The current Iranian government, however, is far from the only authoritarian regime in the Middle East or for that matter the world. So why is it that we see this scale of dissent and protest in Iran, while not in other authoritarian countries, where we also see rigged elections, such as in Egypt? Moving beyond laudatory ascriptions of the bravery of the Iranian people, this talk will consider the institutions and subjectivities engendered through a century–long struggle for a constitutional government, resistance to imperialist intervention and most importantly, the consequences of the ‘republicanisation’ of Islamic principles in the post–revolutionary era.

This talk will tie together current calls for rights with the often overlooked aspects and effects of the Iranian government’s ‘republic’, noting that up to now, Khomeini’s vision for a so–called ‘pure’ Islamic Government has been overshadowed by the compromise formation of an Islamic Republic.

This talk will explore today’s struggles in Iran as a contest over the form of governance still taking shape in Iran today – thirty years on.

Tim CampbellTimothy Campbell - Associate Professor in the Department of Romance Studies, Cornell University, New York.

(9.00 – 10.15 am, Sat 5 Dec, DELL Gallery S05, Lecture Theatre, Room 2.04)

Title: “Liminal Personae: The Thanatopolitics of Personalisation in the Neo–Liberal Milieu”

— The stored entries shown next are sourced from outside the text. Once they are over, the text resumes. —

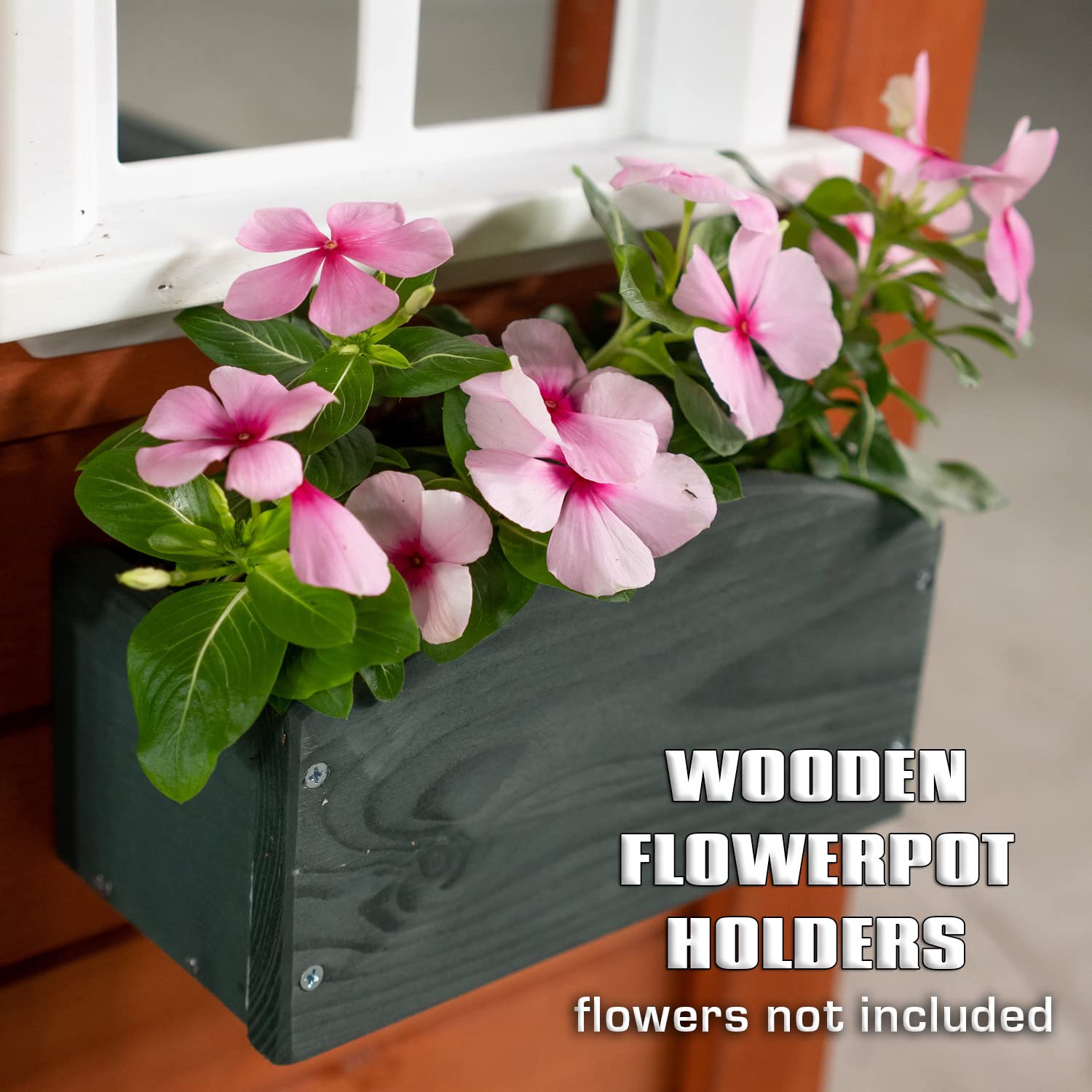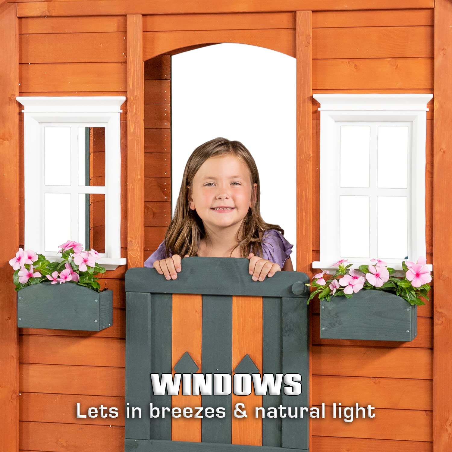 - MODERN and ATTRACTIVE APPEARANCE: Red wooden playhouse featuring white trimmed windows and flower boxes (flowers not included)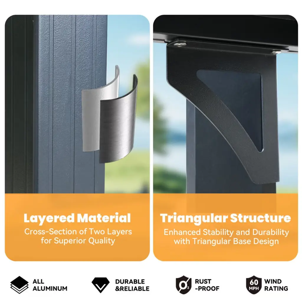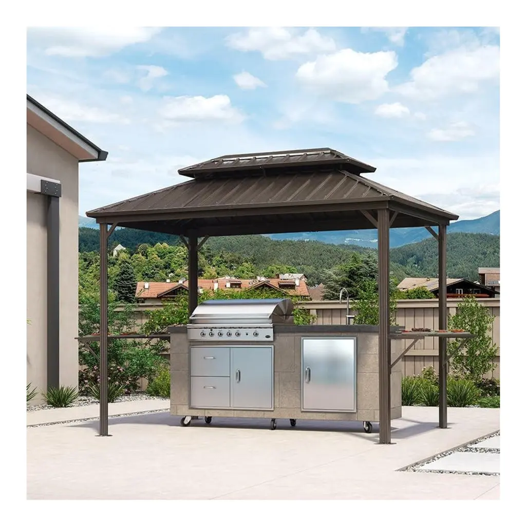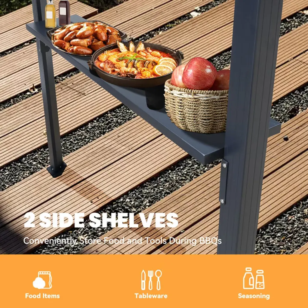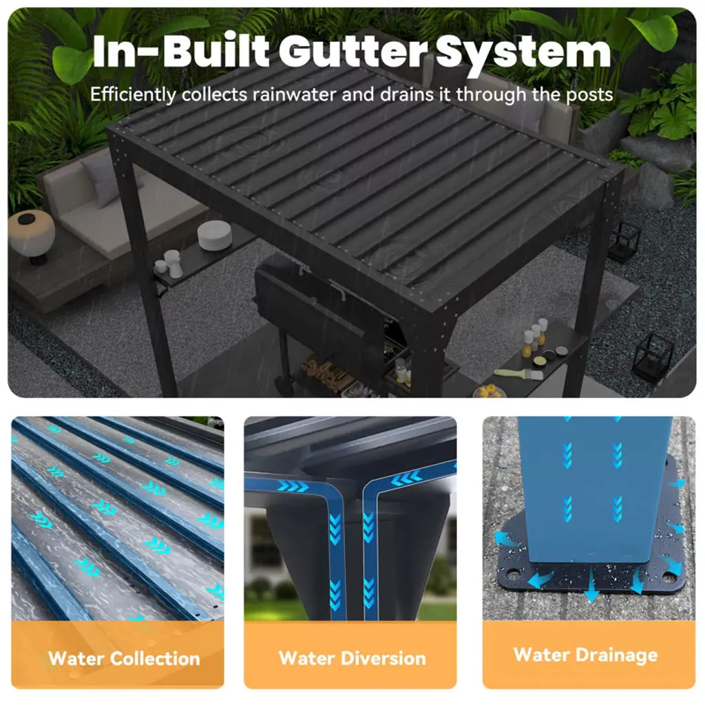 If you're an outdoor BBQ enthusiast, this louvered-top outdoor grill gazebo is your ideal choice. Constructed with a durable and heat-insulating aluminum frame, it effortlessly creates the perfect outdoor BBQ space. With its unique louvered roof design, you can control sunlight, benefit from superior rain protection, and effectively vent BBQ smoke. The built-in gutter system prevents roof water accumulation, extending the gazebo's functionality and lifespan—no weather can stop your BBQ gatherings. Additionally, convenient side panels are integrated into the grill canopy for outdoor grill, providing space to store utensils and BBQ accessories.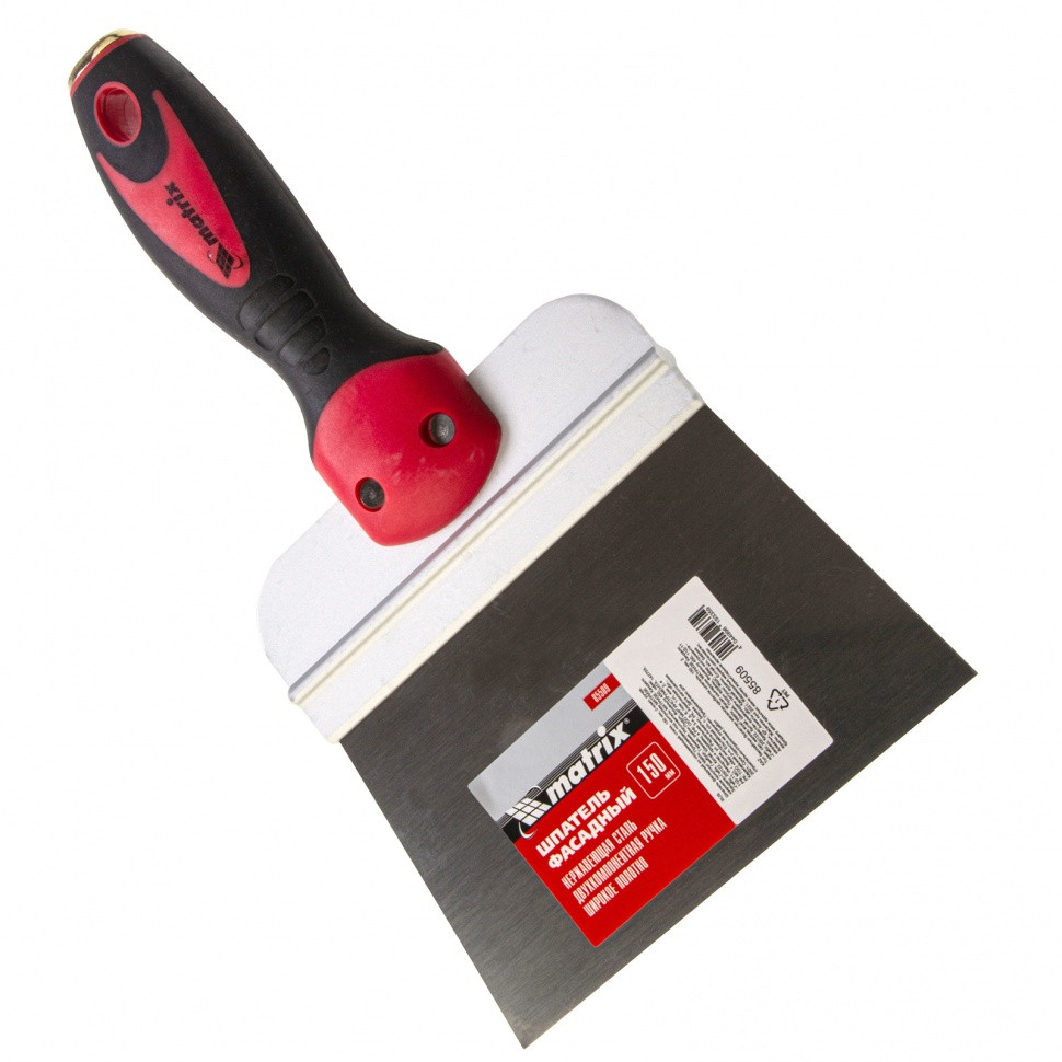 Шпатель фасадный из нержавеющей стали, 150 мм, двухкомпонентная ручка, широкое полотно Matrix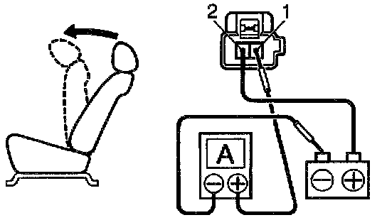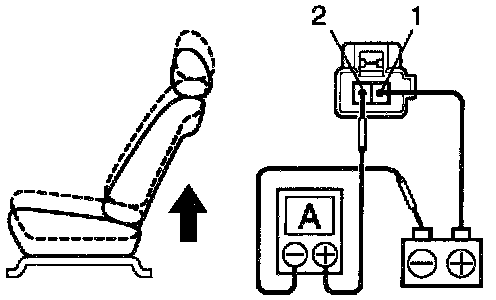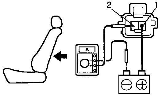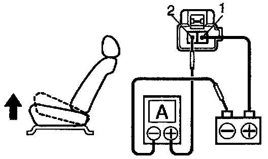 a. Connect the positive (+) lead from the battery to terminal 2, the positive (+) lead from the ammeter to terminal 1 and the negative (-) lead to the battery negative (-) terminal, then recline the seat back to the most forward position.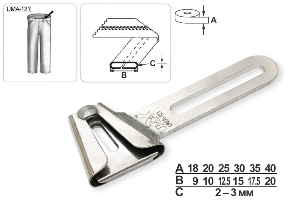 Приспособление UMA-121 25-12,5 мм M предназначено для изготовления шлевок на шлевочных машинах.

Abstract: What is the function of the person today in a context of neo–liberal governance? In this paper I offer a provisional answer by examining how the recent, massive personalisation of life forms, be they collective or individual, is integral to the workings of neo–liberalism. After offering a symptomology of this personalising trend with dispatches from the front–lines of neo–liberalism, I turn to contemporary Italian thought, especially the work of Giorgio Agamben and Roberto Esposito, in order to link neo–liberal personalisation strategies to an intensifying thanatopolitics, that is a deathly mastery over life as Michel Foucault called it. I conclude by inquiring after possible practices of resistance, particularly through the admittedly problematic category of the impersonal.

Karen JacksonKaren Jackson - Indigenous Services Program Officer, Victoria University of Technology and David McCallum – Associate Professor of Sociology, Victoria University, Melbourne...............in conversation.

(3. 45 – 5.00 pm, Sat 5 Dec, DELL Gallery S05, Lecture Theatre, Room 2.04)

Mark Minchinton was unable to participate at Trans(l)egalité.